Lembaga Survei Indonesia (LSI) merilis hasil sigi terbaru mereka, Kamis (3/3/2022). Dalam temuannya, mereka menyatakan tren negatif atas kinerja Presiden Jokowi terus berlanjut.
Dalam rilis yang dikutip dari Tempo.co, Kamis (3/3/2022), LSI menyatakan survei itu digelar pada 25 Februari-1 Maret 2022. Survei dilakukan dengan wawancarai melalui hubungan telepon terhadap 1.197 responden. Responden dipilih dengan metode simple random sampling. LSI menyatakan survei tersebut memiliki margin of error ±2,89 persen dan tingkat kepercayaan 95 persen. Sampel berasal dari seluruh provinsi yang terdistribusi secara proporsional. Survei ini diklaim mewakili 71 persen dari populasi pemilih nasional.
Hasil survei menunjukkan mayoritas responden, mencapai 66,3 persen memang masih puas atas kinerja Jokowi. Akan tetapi, tren negatif terus terjadi. Pada November lalu, menurut data LSI, Jokowi masih mendapatkan penilaian baik dari 72 persen responden. Nilai itu mengalami sedikit penurunan sebulan kemudian menjadi 71,4 persen dan kini terpangkas jauh. “Kepuasan atas kinerja Presiden menurun cukup besar,” tulis mereka.
Tren negatif kepuasan masyarakat itu tak lepas dari penilaian mereka terkait empat sektor: demokrasi, ekonomi, politik dan hukum. Empat sektor ini juga terus terjadi tren penilaian negatif.
Soal kinerja demokrasi, sekitar 50,3% responden menyatakan cukup atau sangat puas atas pelaksanaan atau praktik demokrasi di negara kita
hingga sejauh ini. Sebanyak 41,1 persen menyatakan kurang puas atau tidak puas sama sekali, sementara 8,6 persen tidak menjawab atau menyatakan tidak tahu.
Meskipun masih di atas 50 persen, menurut data LSI, terjadi tren negatif terhadap kepuasan demokrasi di Indonesia. Pada survei sebelumnya, angka kepuasan demokrasi menyentuh 77,3 persen. “Kepuasan atas kinerja demokrasi menurun tajam,” tulis mereka.
Soal kondisi ekonomi, juga masih mendapatkan penilaian negatif. Dari seluruh responden, hanya 23,1 persen yang memberikan penilaian sangat baik dan baik. Mayoritas, sebanyak 42 persen, bahkan memberikan penilaian buruk dan sangat buruk, sementara 31,7 persen menyatakan sedang dan 3,1 persen tak menjawab atau tidak tahu.

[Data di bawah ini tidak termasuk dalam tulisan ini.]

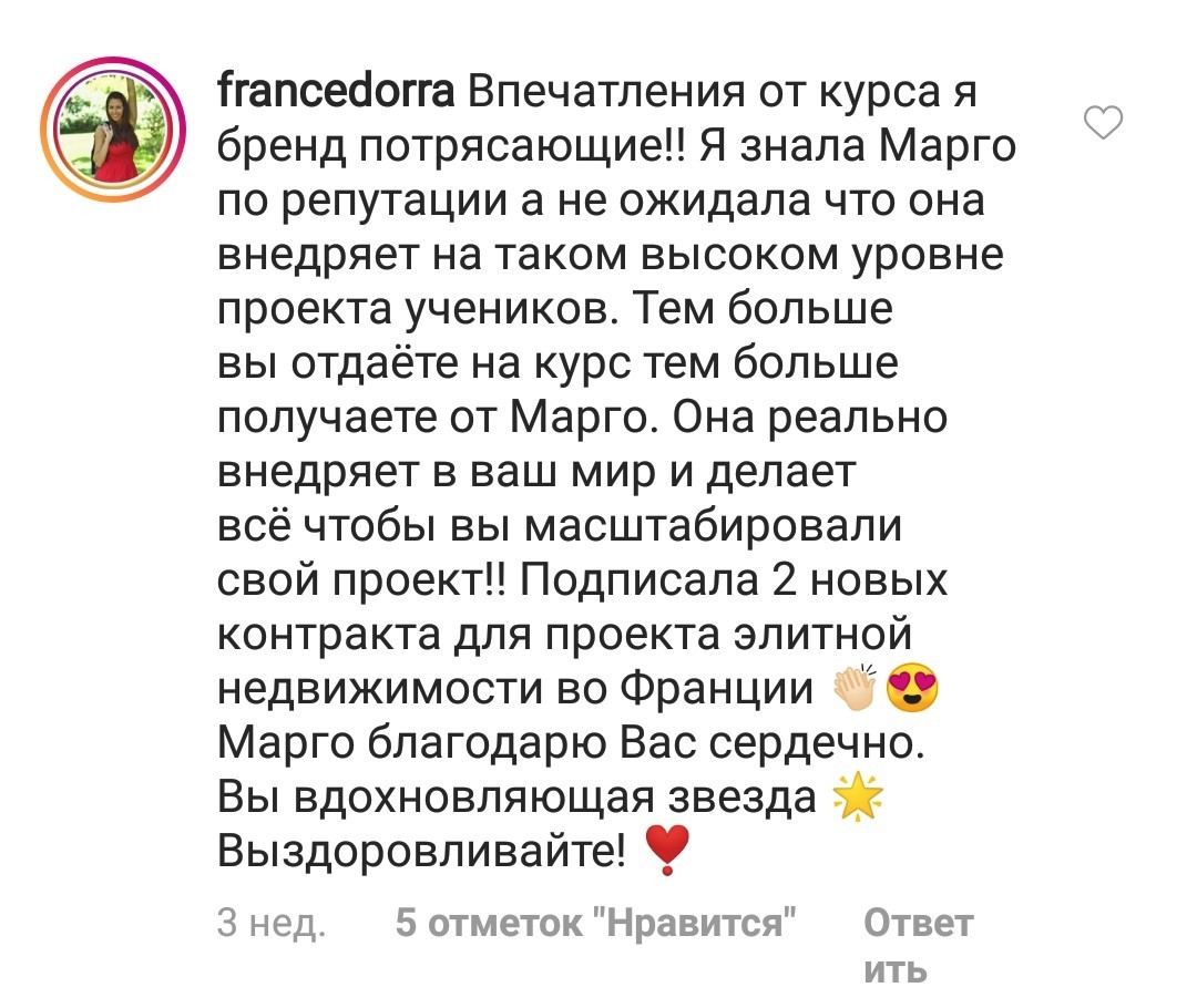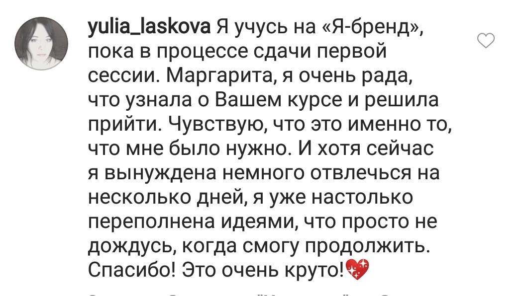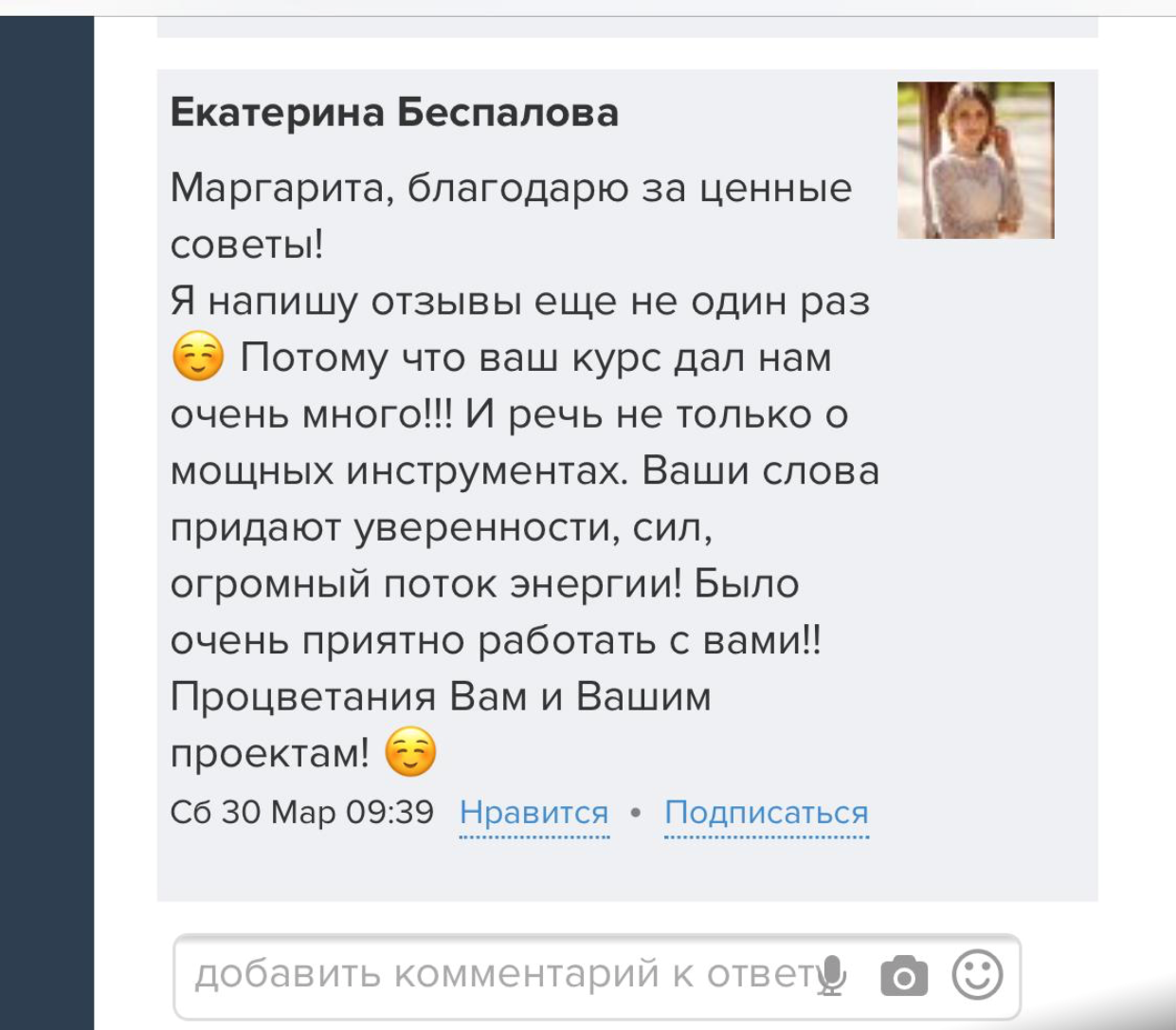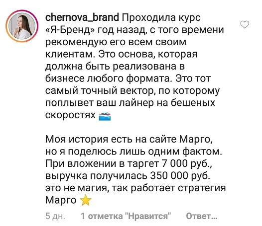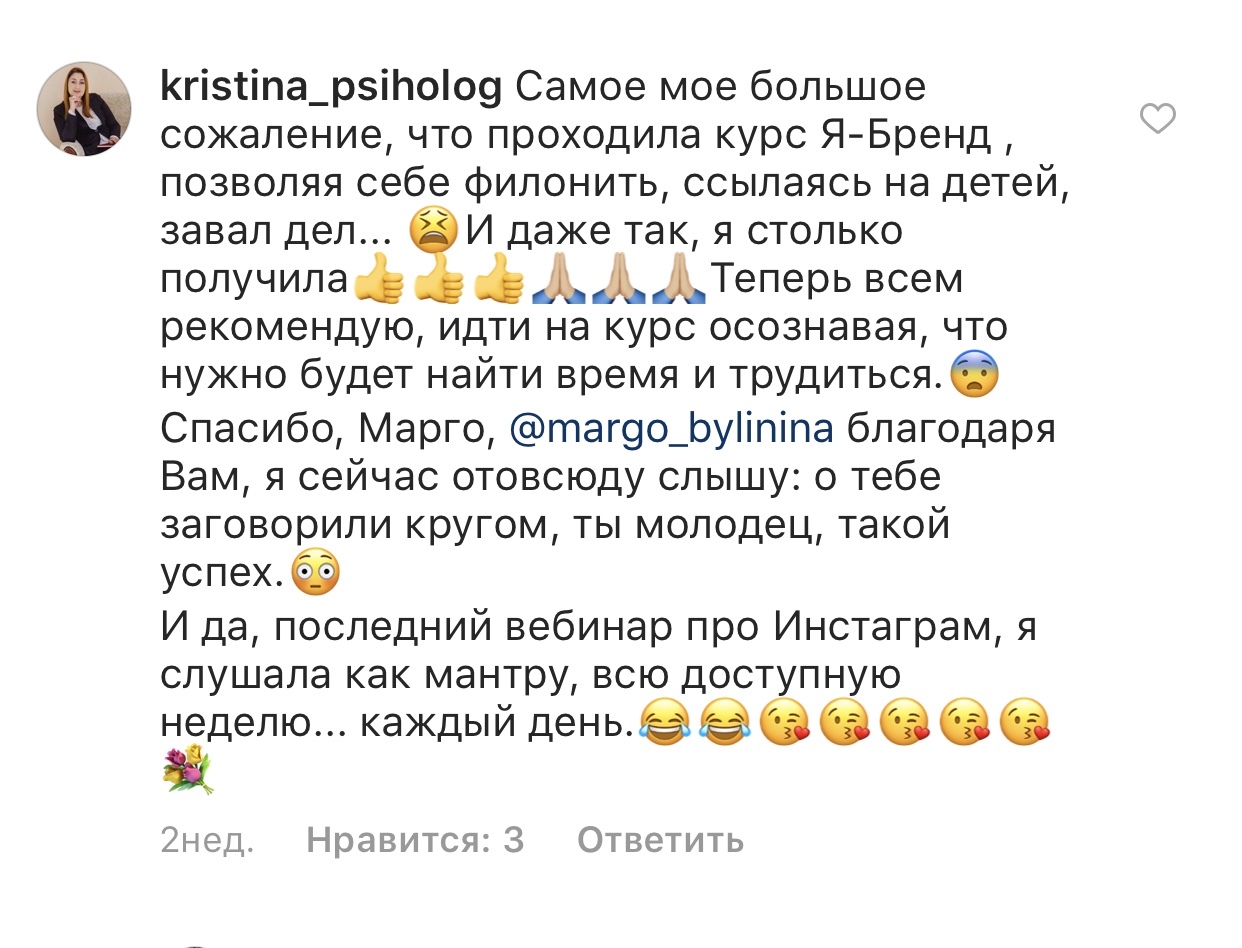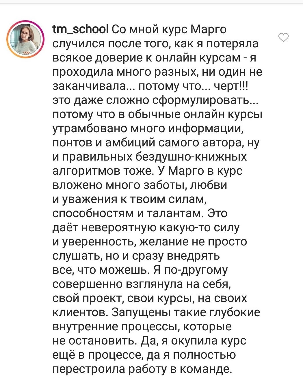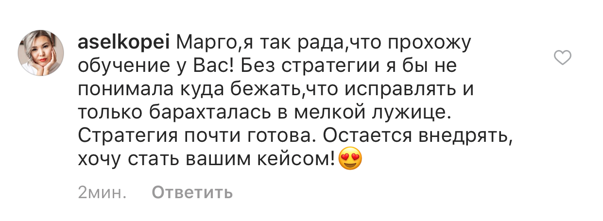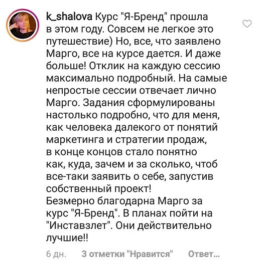 Проект мой стартовал с января, сейчас вышла на доход чуть больше 100 тр, но цель ставлю в 5 раз больше! И знаю, что благодаря тем знаниям, которые вы дали,я смогу легко этого достичь. Я вышла на свою ЦА, настолько комфортная для меня аудитория, ощущения что они это я.

Menurut data LSI, persepsi negatif terhadap kondisi ekonomi tersebut menguat setelah dalam satu tahun terakhir cenderung menurun. Dalam survei sebelumnya, pada Desember 2021, hanya 33,2 persen responden yang menilai perekonomian Indonesia buruk.
Mayoritas para responden juga menyatakan kondisi ekonomi rumah tangga mereka tidak ada perubahan dan bahkan memburuk. Hanya sebagian kecil yang menyatakan membaik.”Yang menilai memburuk atau jauh memburuk sekitar 38,2 persen, tidak berubah sekitar 37.8%, membaik atau jauh membaik sekitar 23,4 persen,” tulis LSI.
Penilaian soal kondisi penegakan hukum nasional juga terus menunjukkan tren negatif dalam dua tahun terakhir. Jika pada Januari 2020, 46 persen responden menilai penegakan hukum baik, kini nilai itu tinggal 29,7 persen. Responden yang menilai penegakan hukum buruk justru meningkat dari 19,9 persen menjadi 33,7 persen.
Kondisi lebih baik terjadi ketika para responden ditanya soal kondisi politik nasional. Sebanyak 36,4 persen menilai kondisi saat ini berada di level sedang. Responden yang menilai baik dan sangat baik sebanyak 26,1 persen, berimbang dengan yang menilai buruk atau sangat buruk sebesar 26,2 persen.
Meskipun demikian, menurut LSI tren negatif juga sedang terjadi. Pada survei Desember lalu, masyarakat yang menilai kondisi politik berada dalam level sedang berjumlah 43,4 persen, sementara yang menilai baik berjumlah 27,9 persen. Masyarakat yang menilai kondisi politik nasional buruk pada Desember lalu hanya berjumlah 21 persen.
Pada survei yang sama, LSI juga melakukan pemetaan suara masyarakat dalam isu perpanjangan masa jabatan Presiden Jokowi. Hasilnya, mayoritas masyarakat menolak ide itu dan menilai Pemilu 2024 harus tetap digelar dalam kondisi apa pun.